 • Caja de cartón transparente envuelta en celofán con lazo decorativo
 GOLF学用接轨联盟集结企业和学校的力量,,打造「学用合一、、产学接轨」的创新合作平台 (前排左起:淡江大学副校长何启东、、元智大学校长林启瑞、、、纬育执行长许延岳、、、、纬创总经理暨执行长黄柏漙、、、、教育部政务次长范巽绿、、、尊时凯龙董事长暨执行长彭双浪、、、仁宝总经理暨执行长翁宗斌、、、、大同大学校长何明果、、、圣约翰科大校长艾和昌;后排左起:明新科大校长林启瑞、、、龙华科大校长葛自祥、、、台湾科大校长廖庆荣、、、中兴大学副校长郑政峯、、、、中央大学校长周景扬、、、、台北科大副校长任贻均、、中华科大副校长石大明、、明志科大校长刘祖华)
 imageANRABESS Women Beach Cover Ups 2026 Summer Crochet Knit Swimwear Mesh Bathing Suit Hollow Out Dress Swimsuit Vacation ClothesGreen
...
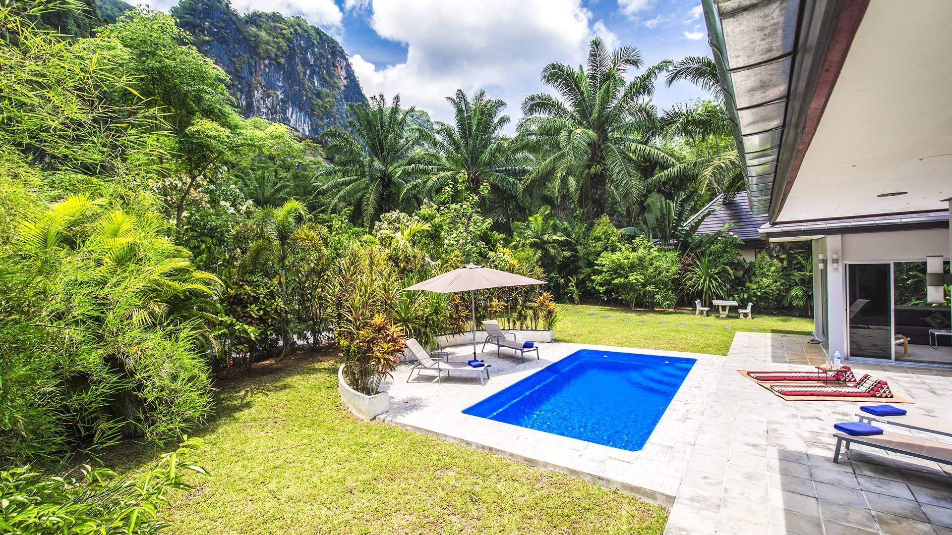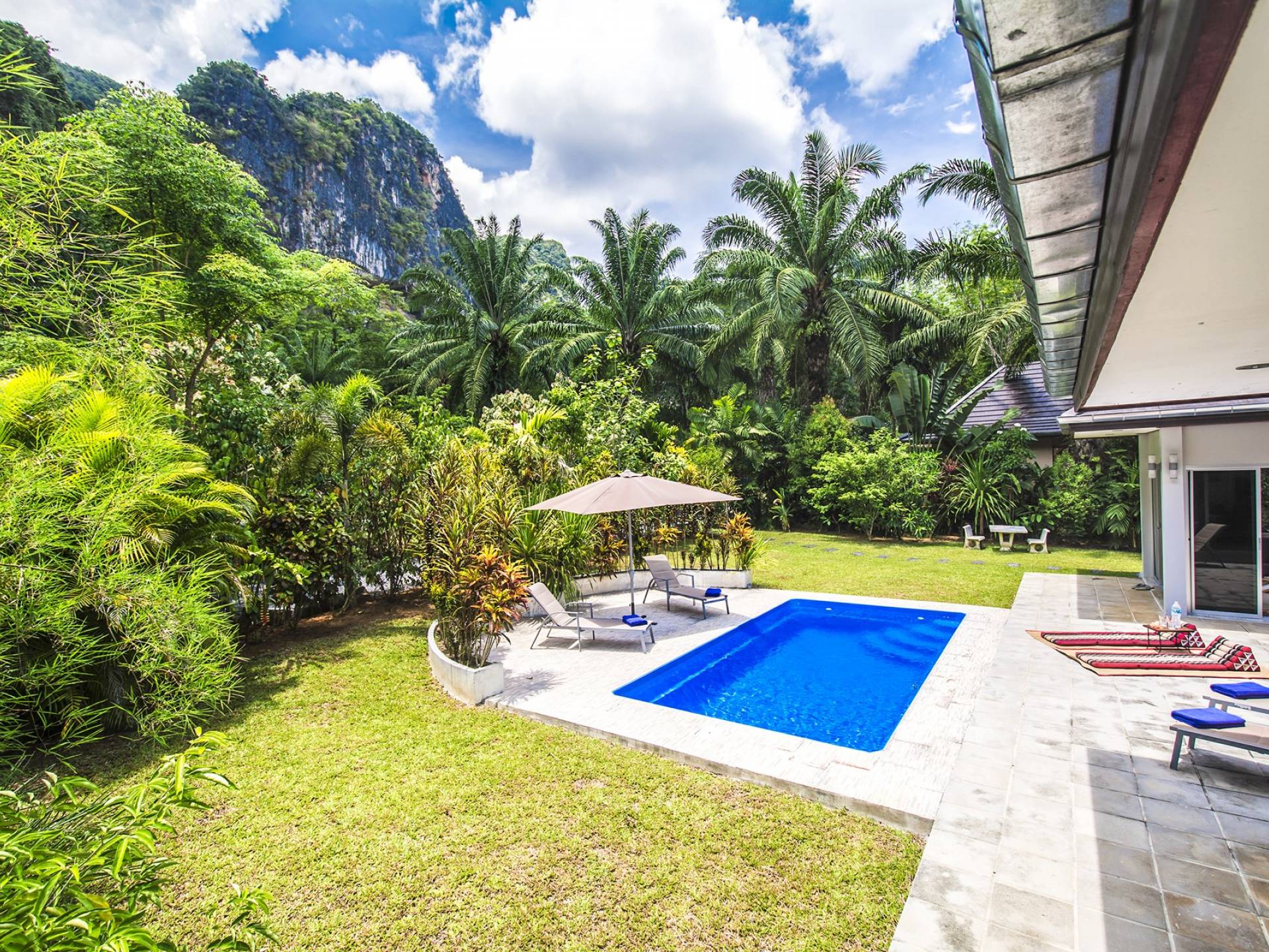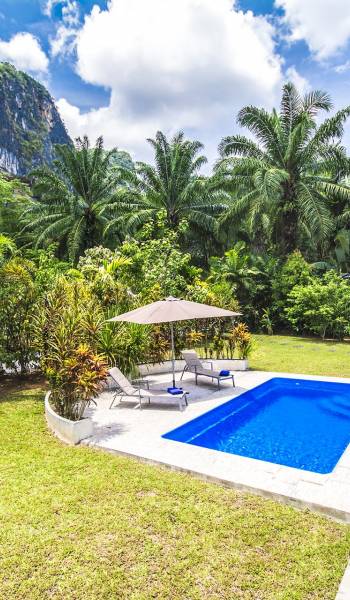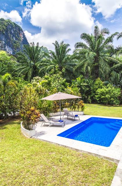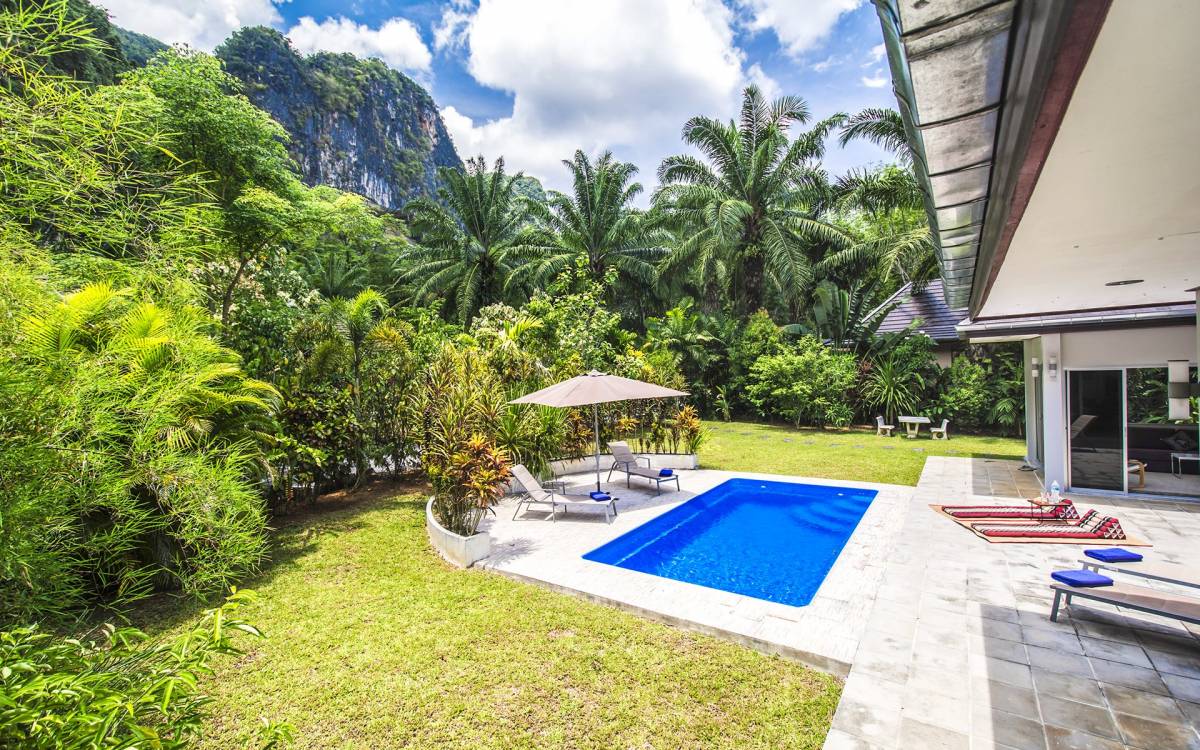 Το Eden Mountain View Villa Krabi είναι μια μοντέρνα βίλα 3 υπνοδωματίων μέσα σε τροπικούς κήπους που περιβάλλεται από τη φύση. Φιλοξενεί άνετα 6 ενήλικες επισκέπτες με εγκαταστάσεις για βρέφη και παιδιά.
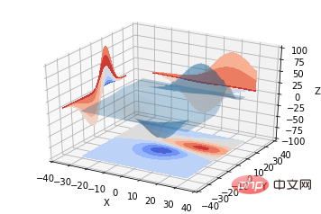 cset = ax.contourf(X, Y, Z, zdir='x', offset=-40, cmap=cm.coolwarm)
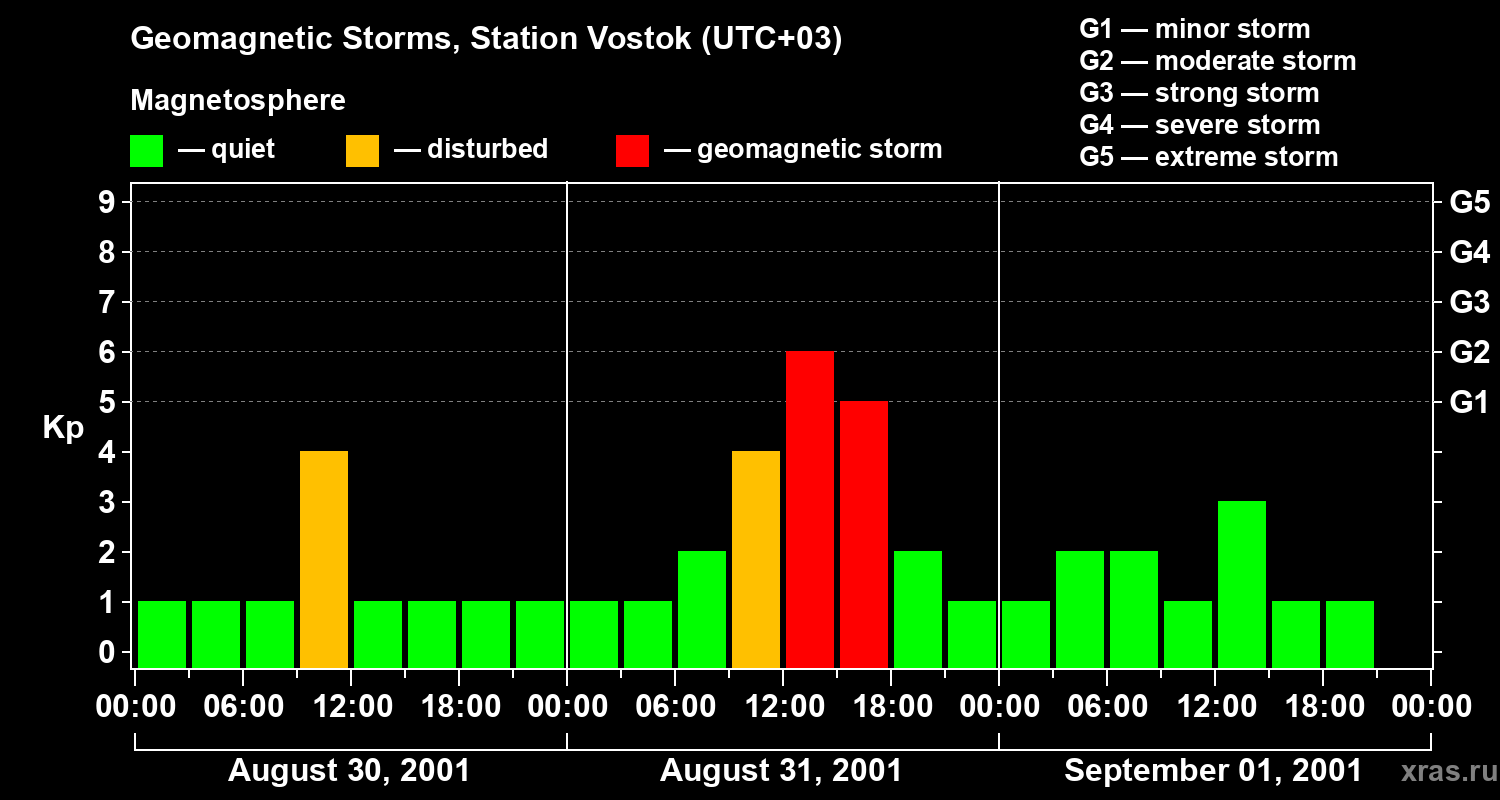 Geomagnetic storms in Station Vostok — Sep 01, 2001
* * *
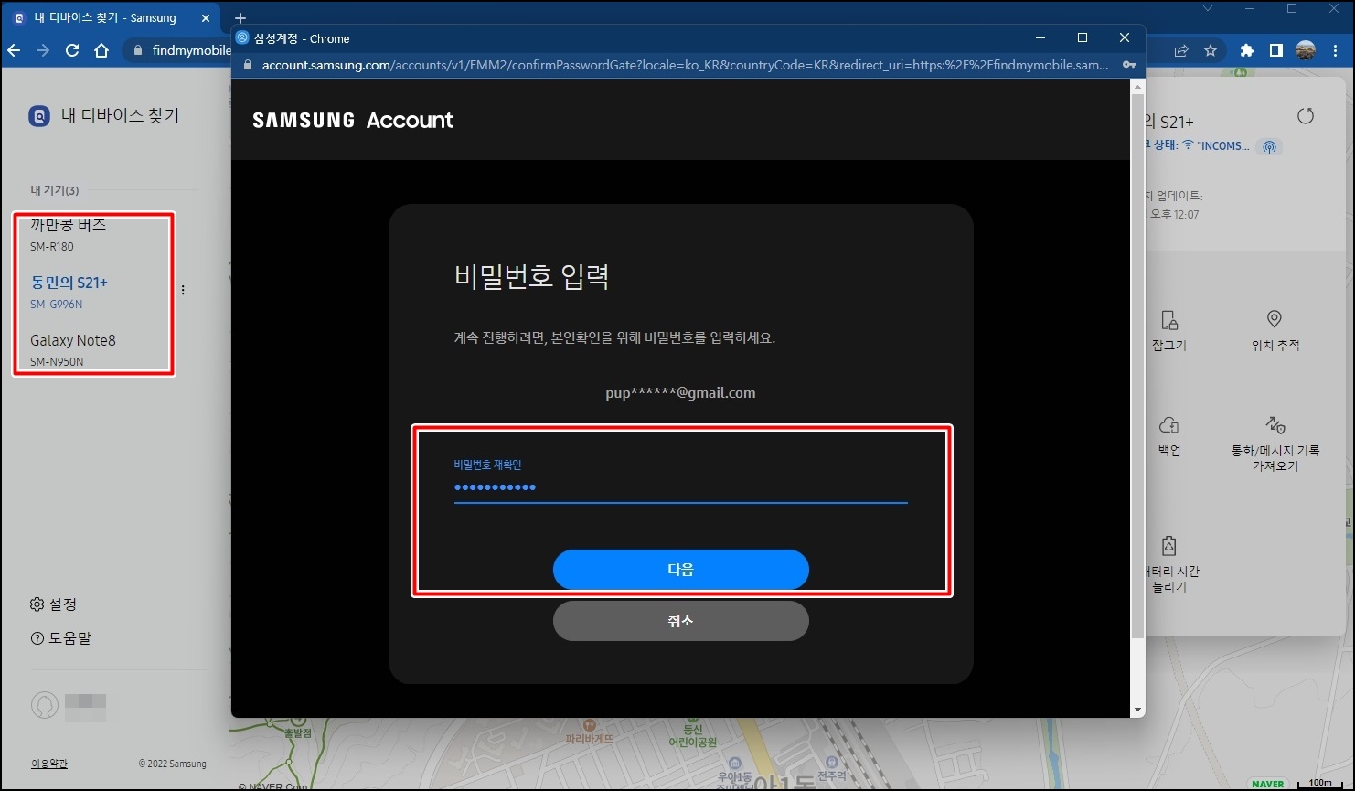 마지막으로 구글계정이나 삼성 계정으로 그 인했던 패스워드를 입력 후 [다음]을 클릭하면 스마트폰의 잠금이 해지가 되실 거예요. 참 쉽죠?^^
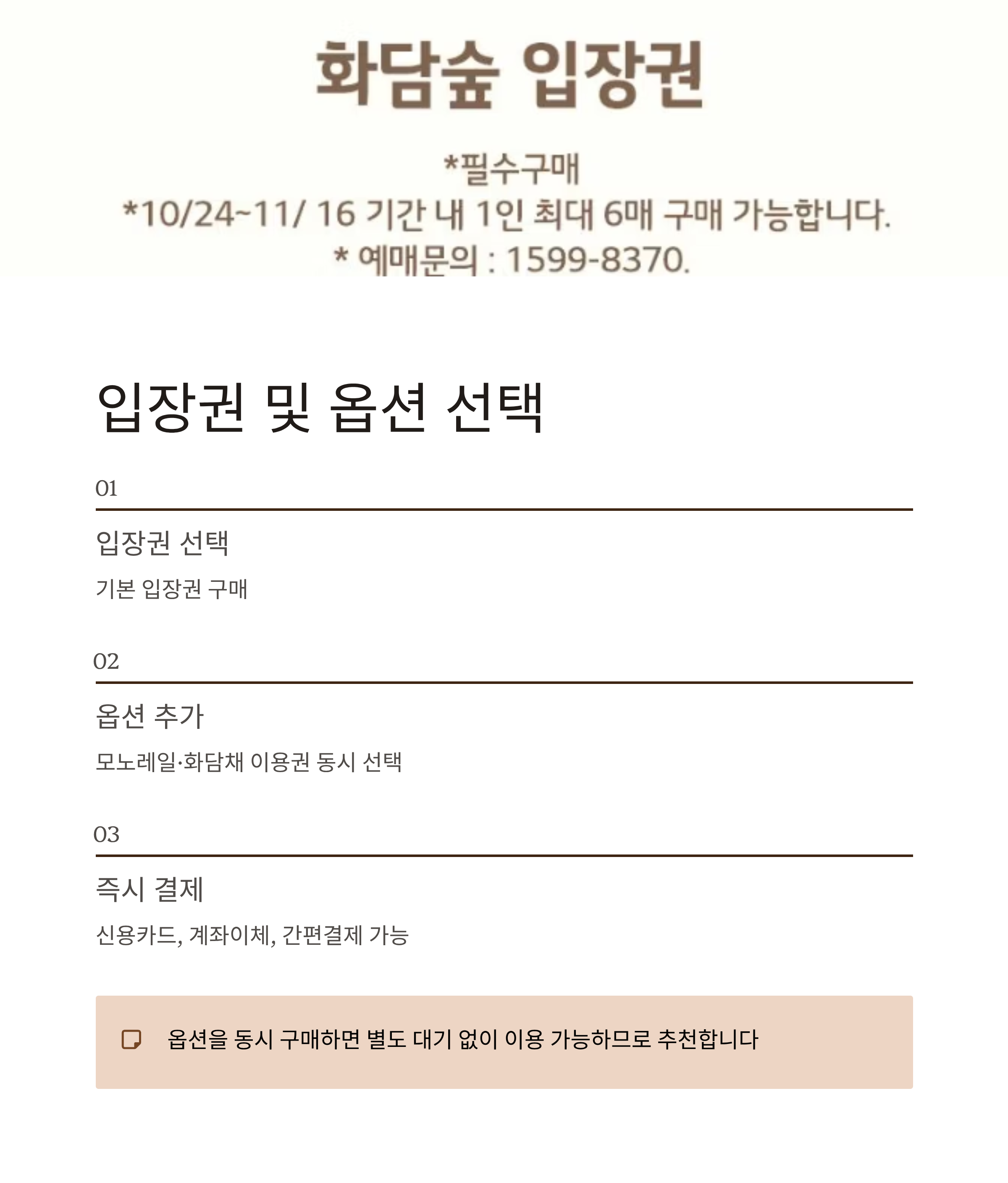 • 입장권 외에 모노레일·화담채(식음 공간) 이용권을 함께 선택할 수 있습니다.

> Problem to solve: Please return the lines above that run from the line containing "con lazo decorativo" to the line containing "imageANRABESS Women Beach", inclusive, exactly and with no other lines.

> Task answer:
 • Caja de cartón transparente envuelta en celofán con lazo decorativo
 GOLF学用接轨联盟集结企业和学校的力量,,打造「学用合一、、产学接轨」的创新合作平台 (前排左起:淡江大学副校长何启东、、元智大学校长林启瑞、、、纬育执行长许延岳、、、、纬创总经理暨执行长黄柏漙、、、、教育部政务次长范巽绿、、、尊时凯龙董事长暨执行长彭双浪、、、仁宝总经理暨执行长翁宗斌、、、、大同大学校长何明果、、、圣约翰科大校长艾和昌;后排左起:明新科大校长林启瑞、、、龙华科大校长葛自祥、、、台湾科大校长廖庆荣、、、中兴大学副校长郑政峯、、、、中央大学校长周景扬、、、、台北科大副校长任贻均、、中华科大副校长石大明、、明志科大校长刘祖华)
 imageANRABESS Women Beach Cover Ups 2026 Summer Crochet Knit Swimwear Mesh Bathing Suit Hollow Out Dress Swimsuit Vacation ClothesGreen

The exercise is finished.